Ma salute pareva essere una persecuzione per il piccolo Ritchie: anche a tredici anni a seguito di uno shock polmonare dovette perdere la scuola per due anni.
Con tutti quegli anni persi, Ritch si sentiva estremamente demoralizzato, riusciva a malapena a leggere e sua madre era profondamente preoccupata per il suo futuro.
Era rimasta al suo capezzale per giorni, sperando che il piccolo si risvegliasse, quando era entrato in coma.
Aveva versato tutte le lacrime che un essere umano potesse consumare e alla fine, dopo innumerevoli preghiere, gli occhioni blu del suo bambino si erano riaperti.
Lo aveva stretto forte al suo petto, non avrebbe mai più permesso che niente e nessuno lo portassero via da lei; le si stringeva il cuore quando, finito l'orario di visite doveva lasciare quella piccola creaturina stesa tra le lenzuola di quell'immenso letto di ospedale.
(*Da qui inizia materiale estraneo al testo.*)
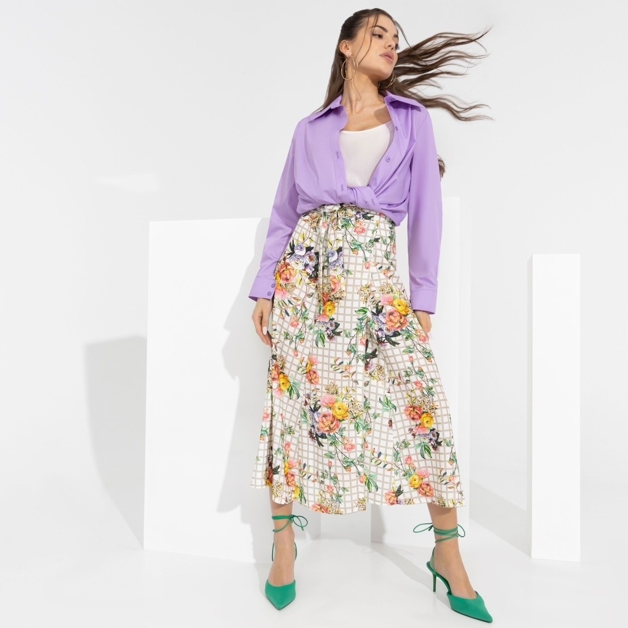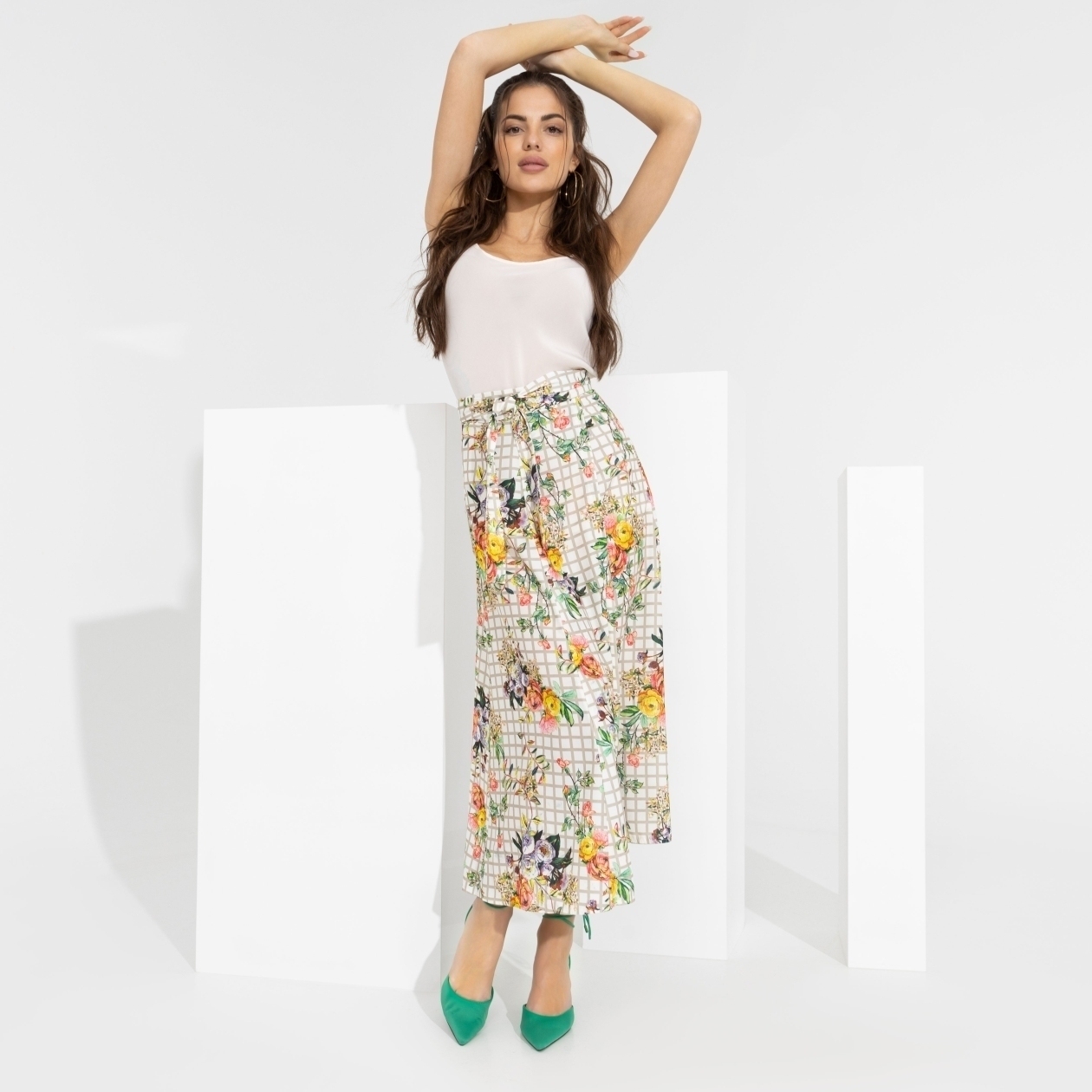 Лучший способ приблизить лето – стильная фотосессия. Позы и настроение – на тебе, а мы подскажем, как не промахнуться с образом. Юбка с очаровательным принтом – гарантия удачного кадра.
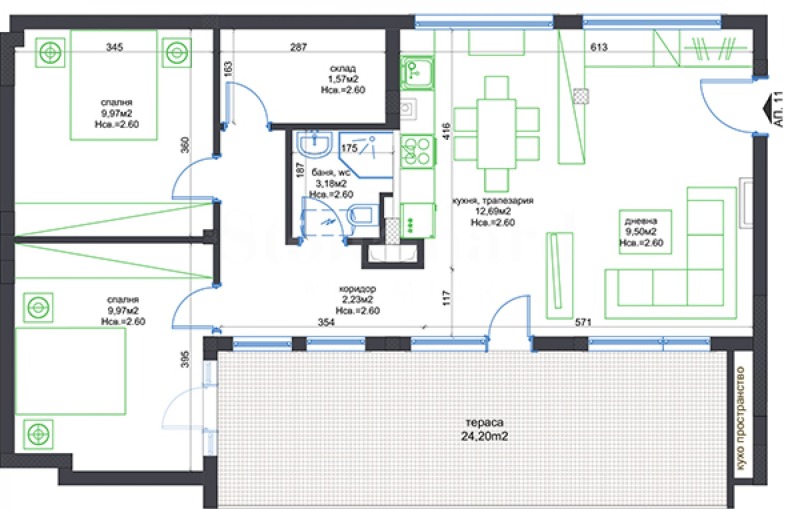 всекидневна с кухня;
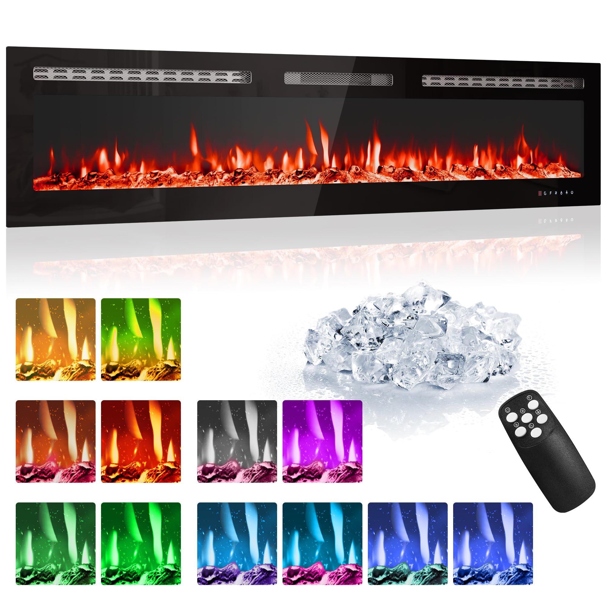 - Realistic Flames: 12 flame colors for this electric fireplace. Choose crystal or wood decor; 5 brightness levels – perfect for electric fireplaces in living rooms, RVs, and all your spaces.

E adesso era successo di nuovo.
Una volta dimesso dall'ospedale, Elsie avrebbe voluto che Richard terminasse la scuola, ma non i soldi per pagare le lezioni private non bastavano più e Ritchie non se la sentiva di tornare a scuola a 15 anni, così avevano lasciato che ad occuparsi della sua istruzione fosse il patrigno Harry, che aveva sposato Elsie l'anno prima.

Il rapporto tra i due ''uomini'' della casa non fu idilliaco sulle prime; Ritchie, così visceralmente legato alla madre non sopportava molto la presenza di quel ''coglione coi baffi'', perciò almeno inizialmente, decise di rendergli la vita difficile.
Ma Harry era un uomo di spirito e profondamente buono, molto comprensivo e dotato di una dolcezza quasi femminile.
Non fu difficile accaparrarsi l'affetto del ragazzo, a poco a poco.
Fu proprio Harry il primo a notare la predilizione del ragazzino per la musica: casualmente notò come il figliastro passasse il tempo a battere sulla testiera del letto d'ospedale ogni genere di attrezzo che si trovasse sotto mano, passava il tempo a quel modo, tenendo il tempo e facendo baccano mentre gli altri ragazzini rimanevano ore incollati alla tv.
Grazie ad un progetto musicale all' interno dell'ospedale Ritchie scoprì che la sua passione così viscerale e innata aveva un nome: percussioni. Inizialmente il suono era piatto e privo di verve, ma a poco a poco, e senza prendere lezioni, Ritchie si rese conto di possedere un'energia e un'inclinazione innata per quei ritmi complicati e le dinamiche di tempo.
C'era come un istinto naturale in quello che faceva, anche se in realtà non sapeva cosa stesse facendo. Gli bastava impugnare le bacchette per poi dar vita a vivaci strutture ritmiche, la cadenza ,la sincope, il movimento, lo slancio.
Non c'era niente di accademico o tecnico in quello che riusciva a creare, si lasciava trascinare dalla cinetica, semplicemente.
Fu così che una volta tornati a casa l'uomo decise di comprargli una batteria tutta sua, che Ritchie ormai aveva imparato a padroneggiare proprio durante la permanenza in ospedale.
Adesso era diventato piuttosto bravo e suonava in un gruppo con altri ragazzi conosciuti alla scuola serale.
Richard non amava di certo lo studio e tutto il tempo perso per via della sua salute non aveva di certo migliorato la situazione; quello era forse il solo cruccio che Elsie avesse... Per il resto il suo Ritchie era un ragazzo d'oro, un po' ribelle certo, ma chi non lo era alla sua età?!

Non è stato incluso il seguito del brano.